[Date Prev][Date Next][Thread Prev][Thread Next][Date Index][Thread Index]
Re: [idn] An experiment with UTF-8 domain names
- To: idn@ops.ietf.org
- Subject: Re: [idn] An experiment with UTF-8 domain names
- From: "Adam M. Costello" <amc@cs.berkeley.edu>
- Date: Sun, 7 Jan 2001 10:23:30 +0000
- Delivery-date: Sun, 07 Jan 2001 02:25:38 -0800
- Envelope-to: idn-data@psg.com
- User-Agent: Mutt/1.3.12i
"Martin J. Duerst" <duerst@w3.org> wrote:
> If I send a mail in iso-2022-jp or put up a web page in iso-8859-1,
> the IDNs will be in these encodings, not in UTF-8. Everything else,
> including ACE, would be wrong.
That's an interesting problem. People exchanging Japanese email do
indeed use iso-2022-jp, not utf-8. If one of them wants to include a
Japanese domain name in the body of a message (as part of a URL, for
example), it would be a shame to use ACE, because it will be visible to
both sender and recipient, unless the MUAs do some kludgy conversions on
message bodies. On the other hand, suppose the URL in question refers
to an image, and the sender wants his non-Japanese friend to see the
image. If we don't use ACE, then there may not exist a charset that the
sender and recipient are both able to use that's capable of representing
the domain name.
This suggests that users should have some way of representing any domain
name using ASCII (as a last resort), regardless of what goes on the
wire.
This scenario raises a big question about URIs. According to RFC
2396, a URI is a sequence of characters (not bytes) from a very small
repertoire (smaller than printable ASCII); this sequence of characters
can be used to represent a sequence of bytes (using ASCII and %hh),
which in turn could be used to represent characters from a larger
repertoire, but that last mapping is not standardized. In any case,
when a URI is presented to the user, the characters making up the URI
itself are supposed to be shown, not the characters represented by the
octets represented by the URI.
If we want URIs to appear to contain non-ASCII characters, we need to
alter the URI model somehow. Here are three possibilities (there may be
others):
1. Use ACE, and add a rule saying that user agents should convert
to/from ACE when interacting with the user. This has the advantage of
changing nothing at the lower layers, but doesn't immediately answer
the next obvious question: how to allow non-ASCII characters to appear
in the rest of the URI. Perhaps ACE should be generalized to be usable
in other parts of URIs in addition to the domain names. This approach
exposes the ACE to people editing files containing URIs.
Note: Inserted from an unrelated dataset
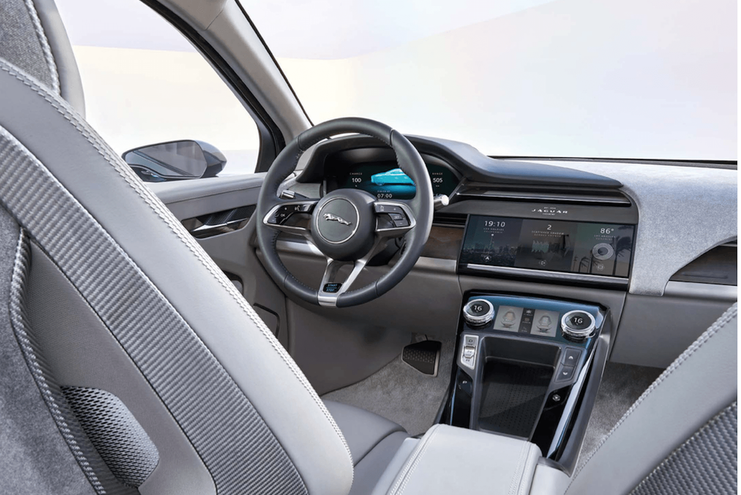 在内部,捷豹的设计师们设想了一个先进的技术,高端的建筑材料,和一个很好的对比布局座舱。
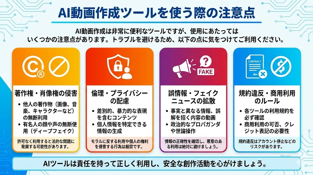 AI動画作成は非常に便利なツールですが、使用にあたっては いくつかの注意点があります。トラブルを避けるため、以下の点に気をつけてご利用ください。

2. Change the rule about how URIs are presented to the user, so that %hh
sequences (except those for excluded ASCII characters) are unescaped and
interpreted as UTF-8. When URIs are obtained from the user, they must
be converted to UTF-8 and escaped before being dereferenced. This has
the same advantages and disadvantages as the previous approach.
3. Allow a much larger set of characters in URIs. This approach suffers
from the same problem as in the non-Japanese friend scenario above.
It would also require changing any protocol that embeds URIs without
specifying a sufficiently expressive encoding, most notably HTTP. HTTP
does not say what encoding is used for URIs; it is implicitly ASCII
or an extension of ASCII. HTTP assumes ISO-8859-1 for comments and
unstructured text in message headers, so it would not go without saying
that 8-bit URIs are in UTF-8; that would have to be added to the spec,
and who knows how existing implementations would react to 8-bit URIs.
Allowing URIs to appear to contain non-ASCII characters (using any
approach) is counter to the URI design goal of transcribability (the
business card scenario), but if we value transcribability more than i18n
then we should forget about IDN altogether.
> ACE is not a 7-bit encoding of the UCS. It's a two-step encoding,
> first from the UCS to the legacy host name repertoire, and then from
> there to 7-bit octets (using US-ASCII).
Thank you! I had missed that subtlety, but you're right, host names
are not required to be represented in ASCII; they are just sequences
of characters. An EBCDIC system would apply an EBCDIC-to-ASCII
transformation to any outgoing host names; if ACE mapped Unicode to
bytes rather than characters, the ACE host names leaving the EBCDIC
system would get scrambled.
John C Klensin <klensin@jck.com> wrote:
[business-card scenario]
Ouch. IDN is so difficult, maybe it's hopeless.
The unaccented Latin alphabet and Arabic numerals (and a few punctuation
marks) make an excellent set of characters for universal names, because
it's a small set that is recognized by more humans and more machines
than any other. That's surely a big part of why this set was chosen
for domain names and URIs, which are intended to be usable by anyone,
anywhere.
A giant character set is by nature ill-suited to the task of universal
naming. Perhaps we have no choice but to view IDNs as deliberately
non-interoperable things, optimized for particular communities.
As for the business cards, maybe people will just register two names,
one native and one romanized (perhaps translated), with one being a
CNAME for the other. I can't immediately think of anything easier for
the people trying to use the names on the card.
AMC